И началось, как только солнце брызнуло лучами по вершинам тополей и осокорей, по пожарной каланче, крестам собора, крышам домов. Открылись шинки, лавки, кондитерские, задымились в них трубы, все сразу проснулись, как просыпается по сигналу армейской трубы войсковой лагерь. Явились на площадь полицейский надзиратель, урядник, члены санитарной комиссии, немного позже — торговые депутаты от городской думы… Следили за порядком, заставляли переставлять возы, лотки, освобождали дорогу для пешеходов. Загудела ярмарка, загудел и Конотоп. Крики — кто кого перекричит, мычание коров, ржание лошадей, щёлканье кнутов, кукареканье, гогот гусей, кряканье уток, жалобные звуки лиры и кобзы, песни слепцов и нищих… А пахло как! Дёгтем, яблоками, жареным салом, чесноком, сластями, дешёвым одеколоном — это выбрали бойкое место цирюльники, лязгали ножницами, зазывали к себе, предлагали сделать парижскую стрижку.
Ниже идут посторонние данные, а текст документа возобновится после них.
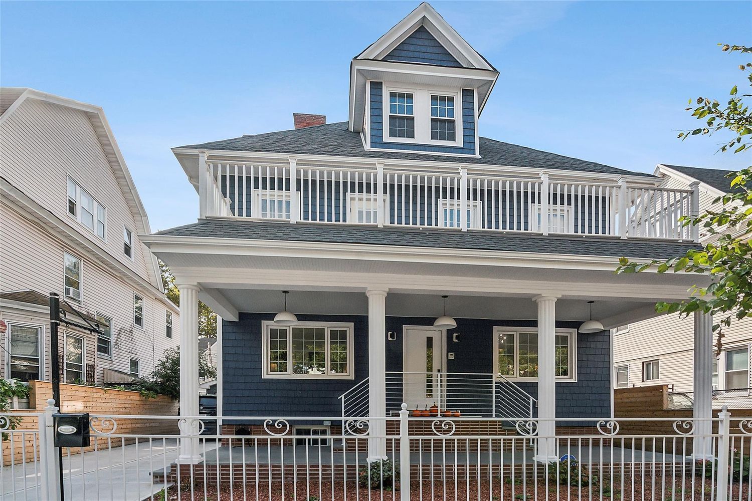 This meticulously gut-renovated 1920 Dutch Colonial Revival-style home, surrounded by stately Victorian mansions in Ditmas Park, offers unparalleled value and flexibility. Configured as a two-family, it features a pristine 2-3 bedroom owner’s duplex above a charming 2-bedroom unit with a finished basement. Every inch of this home has been thoughtfully updated, blending historic character with modern convenience.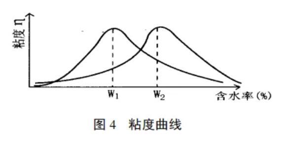 含水量高則流動(dòng)性好(即每個(gè)顆粒表層水膜厚),但凝聚性差,坯體易變形。因此,對(duì)每一企業(yè)來(lái)講,在原料處理、擠泥機(jī)等條件固定的前提下,摸索一個(gè)合適的成型含水率,既利于擠泥機(jī)成型,又利于磚坯強(qiáng)度。根據(jù)我們對(duì)幾十種黏土的試驗(yàn)數(shù)據(jù),每種黏土都有一個(gè)最佳含水率,在這種含水率的情況下,黏土的粘性(稠度)最好。典型的粘度曲線(見圖4):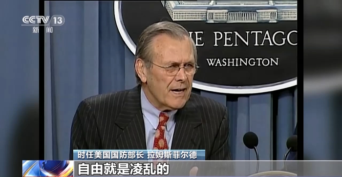 时任美国国防部长拉姆斯菲尔德:伊拉克是从专制政权过渡而来,凌乱无序是正常的,自由就是凌乱的。自由的人民想犯错就犯错,想犯罪就犯罪,想做坏事就做坏事,这是在所难免的。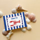 Send out thank you cards with a nautical look. The front of these cards feature my hand drawn realistic style illustration of a lobster in red with the customizable message THANK YOU above in blue lettering. The text and graphic are set inside of a red and white scalloped frame against a blue and white striped background. The inside of these cards is blank so that you can write your own message with a coordinating lobster graphic in the lower left corner.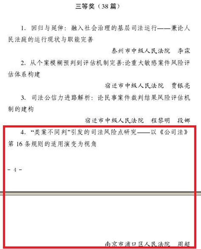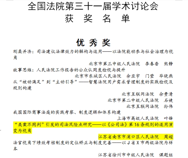 浦口法院周超同志撰写的论文《“类案不同判”引发的司法风险点研究——以《公司法》第16条规则的适用演变为视角》荣获全国优秀奖、全省三等奖。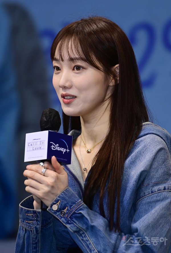 배우 이성경이 21일 서울 종로구 JW메리어트동대문스퀘어서울에서 열린 디즈니플러스 ‘사랑이라 말해요’ 제작발표회에서 인사말을 하고 있다.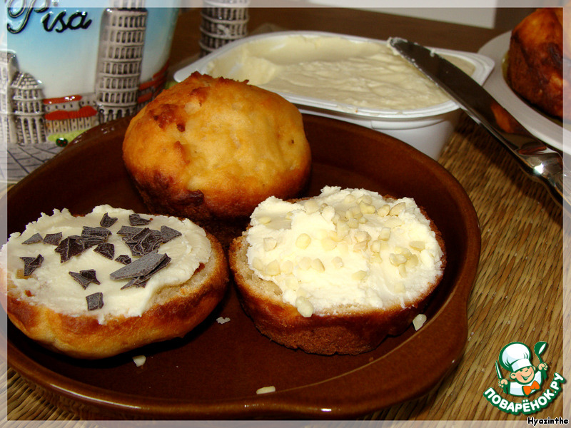 В оригинальном рецепте крем из белого шоколада и Frischkaese (не знаю аналога этому продукту в России, возможно, сейчас уже появился - похож на прессованную творожную массу, может быть слегка соленым).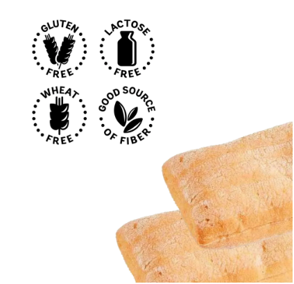Corn Starch, Water Corn Flour, Rice Flour, Psyllium Seed Husk (Vegetable Fiber), Dextrose, Modified Cellulose, Soy Protein, Sunflower Oil, Yeast, Salt, Tartaric Acid, Citric Acid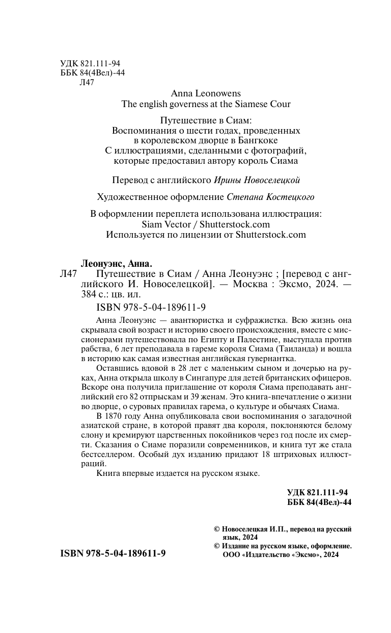 Книга: Путешествие в Сиам (Анна Леонуэнс); Эксмо, Редакция 1, 2025
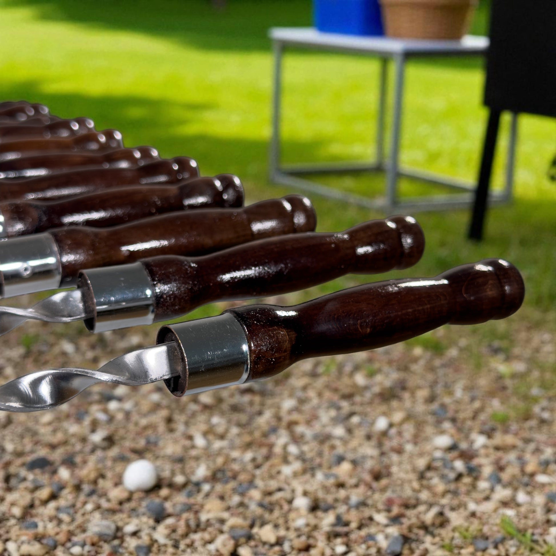 Diese Grillspieße sind mehrfach wiederverwendbar, leicht zu reinigen und besonders langlebig – perfekt geeignet für Holzkohlegrills, offene Feuerstellen, BBQs im Garten oder beim Camping.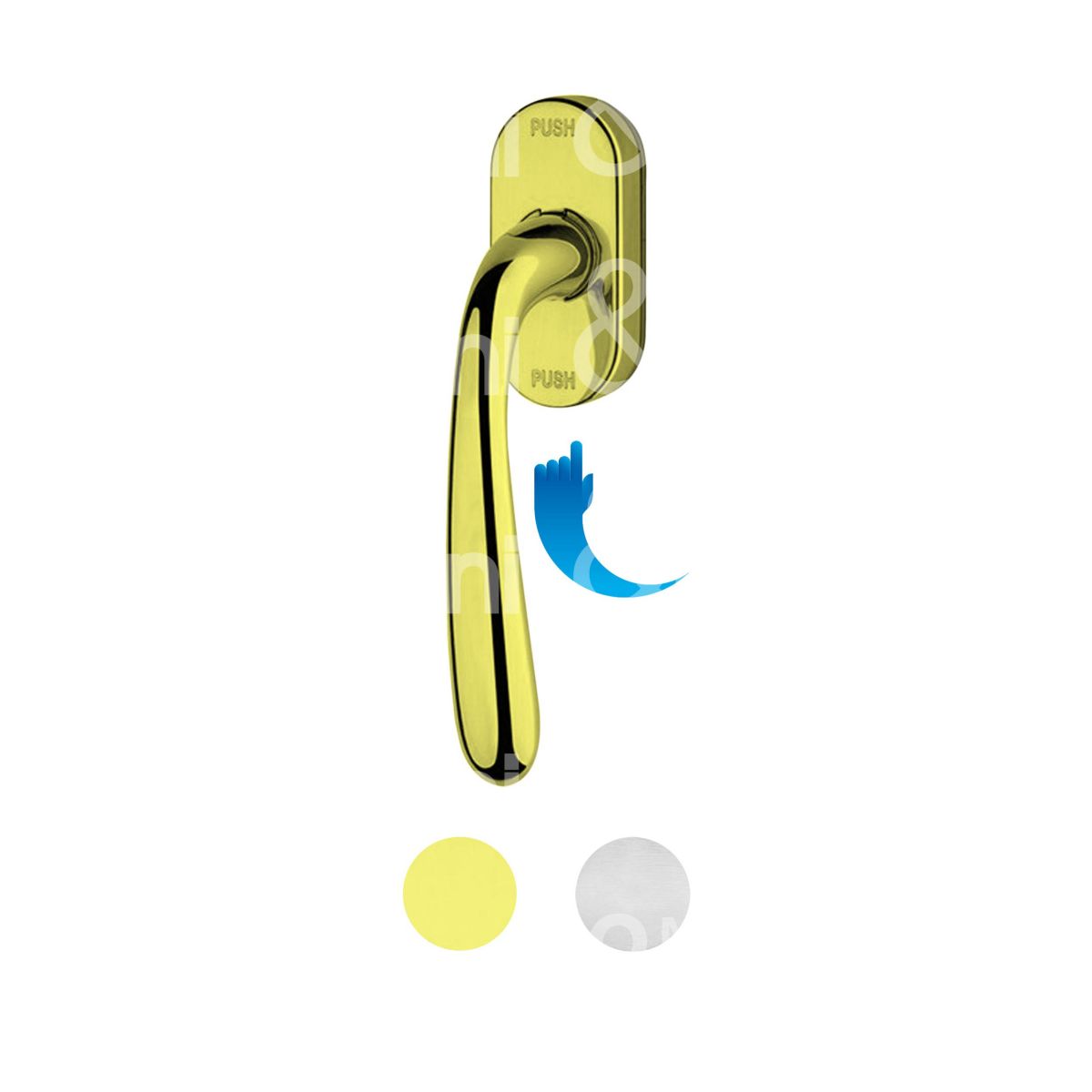 MANIGLIA GARDA ZINCRAL LINEA CALI' PER FINESTRA CON MOVIMENTO DK SMARTBLOCK Particolare rosetta che blocca la rotazione della maniglia impedendo al ladro di entrare praticando un foro nel serramento Movimenti: 0° - 90° - 180° (vasistas) Installabile su tutti i tipi di infissi Dimensioni 33x150 mm

Там, где продавались ткани, толпились женщины. Мальчишки-разносчики шмыгали повсюду со своими лотками, где лежали горками бублики, баранки, медовые пряники, а на них — рой мух. А игрушек сколько выставлено — свистульки, пищики, глиняные соловьи, кони, оловянные солдатики, пистолеты, куклы, матрёшки… Возил среди людей свою тележку и мороженщик в белом, с жёлтыми пятнами фартуке, потел и этим фартуком вытирал нос и пот с лица.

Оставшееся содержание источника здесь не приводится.